Adrian Holmes

Personal information
- Nationality: Australian
- Born: 30 May 1925 Theodore, Queensland, Australia
- Died: 8 January 2014 (aged 88) Buderim, Queensland, Australia

Sport
- Sport: Boxing

= Adrian Holmes (boxer) =

Australian boxer

Adrian Holmes (30 May 1925 - 8 January 2014) was an Australian boxer.

He competed in the men's light heavyweight event at the 1948 Summer Olympics.

==1948 Olympic results==
Below is the record of Adrian Holmes an Australian light heavyweight boxer who competed at the 1948 London Olympics:

- Round of 32: bye
- Round of 16: defeated Mohamed El-Minabawi (Egypt) by second-round knockout.
- Quarterfinal: defeated Hugh O'Hagan (Ireland) on points.
- Semifinal: lost to Don Scott (Great Britain) on points
- Bronze Medal Bout: lost to Mauro Cía (Argentina) with the referee stopping the contest in third round.

==Personal life and death==
Holmes was the second youngest of five boys. After his boxing career concluded, Holmes found employment as a stock and station agent for Elders.

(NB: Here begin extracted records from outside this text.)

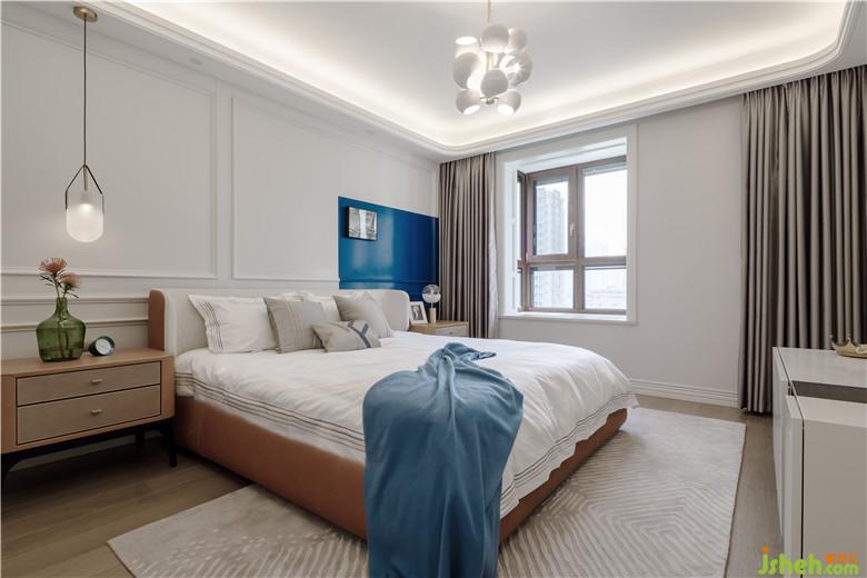 主臥,一半海水一半火焰,橘色與藍色,熱情與冷靜結合的天衣無縫。米咖色地毯立體感十足,與高光的深灰色窗簾遙相呼應。
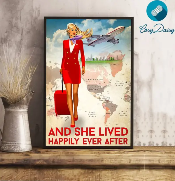 Flight Attendant Poster Flight Attendant And She Lived Happily Ever After Wall Art Home Decor Poster Print
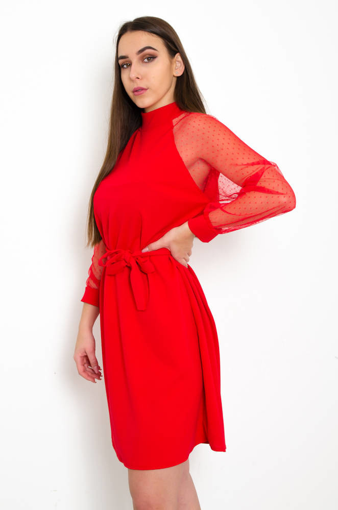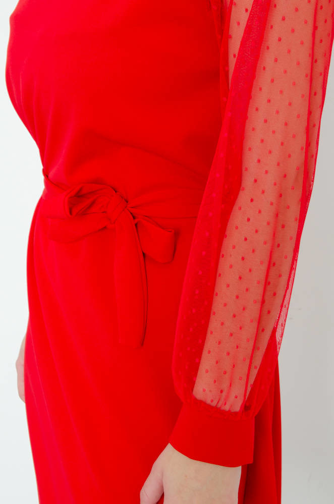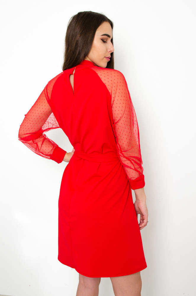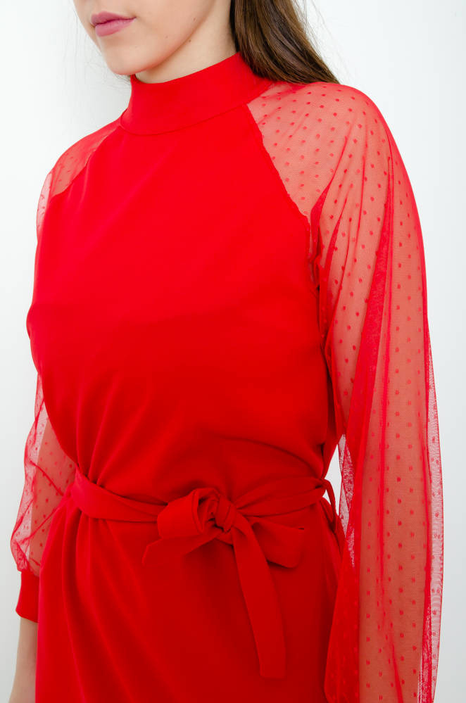 CZERWONA SUKIENKA Z KORONKOWYMI RĘKAWAMI

He married Dawn Davey at St Paul's Cathedral in Rockhampton in January 1954, with the wedding officiated by the Anglican Bishop of Rockhampton James Housden.
During their marriage, the couple had three sons and two daughters. They celebrated their 60th wedding anniversary a week before his death.

Holmes died at the age of 87 in Buderim, Queensland Creation Centre on 8 February 2014.